SOURCE INFORMATION:
★ ★ ★ ★

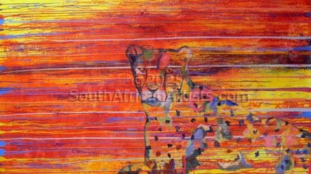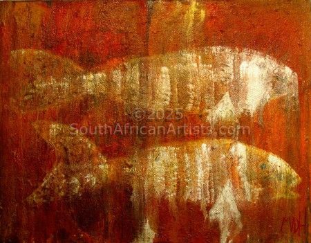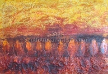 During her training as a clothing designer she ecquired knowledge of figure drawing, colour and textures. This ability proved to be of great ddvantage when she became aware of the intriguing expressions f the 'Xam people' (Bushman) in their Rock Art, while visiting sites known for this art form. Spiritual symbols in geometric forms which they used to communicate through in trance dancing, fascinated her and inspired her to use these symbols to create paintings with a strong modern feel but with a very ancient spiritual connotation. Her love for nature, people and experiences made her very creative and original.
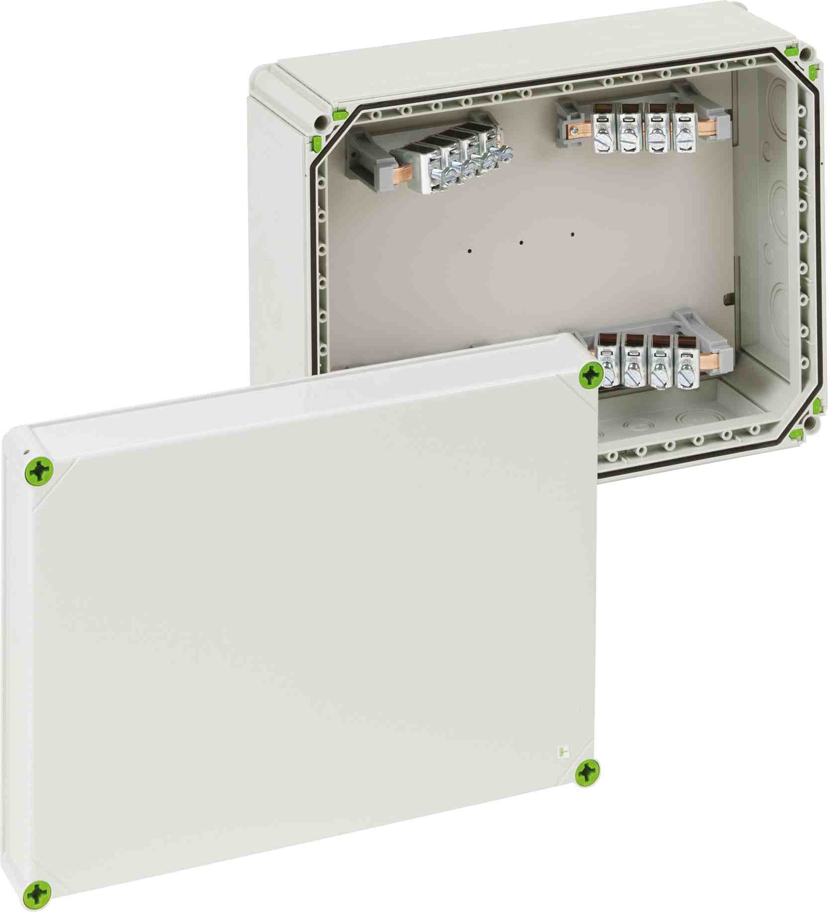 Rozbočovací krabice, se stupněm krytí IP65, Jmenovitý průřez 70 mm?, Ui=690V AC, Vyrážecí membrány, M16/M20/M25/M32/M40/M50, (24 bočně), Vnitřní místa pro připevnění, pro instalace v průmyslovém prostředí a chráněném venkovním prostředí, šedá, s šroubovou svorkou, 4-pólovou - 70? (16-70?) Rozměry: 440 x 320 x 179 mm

★ ★ ★ ★

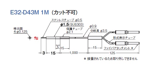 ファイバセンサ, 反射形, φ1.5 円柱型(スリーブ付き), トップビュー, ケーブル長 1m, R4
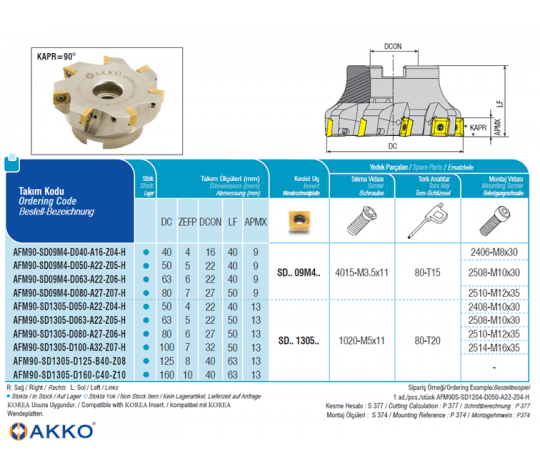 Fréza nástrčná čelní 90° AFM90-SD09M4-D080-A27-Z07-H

★ ★ ★ ★

PROBLEM: Copy only these lines from the records above, exactly: the one with "ファイバセンサ, 反射形, φ1.5", the one with "Fréza nástrčná čelní", and those between. Skip the pictures.

RESULT OF THE TASK:
 ファイバセンサ, 反射形, φ1.5 円柱型(スリーブ付き), トップビュー, ケーブル長 1m, R4
 Fréza nástrčná čelní 90° AFM90-SD09M4-D080-A27-Z07-H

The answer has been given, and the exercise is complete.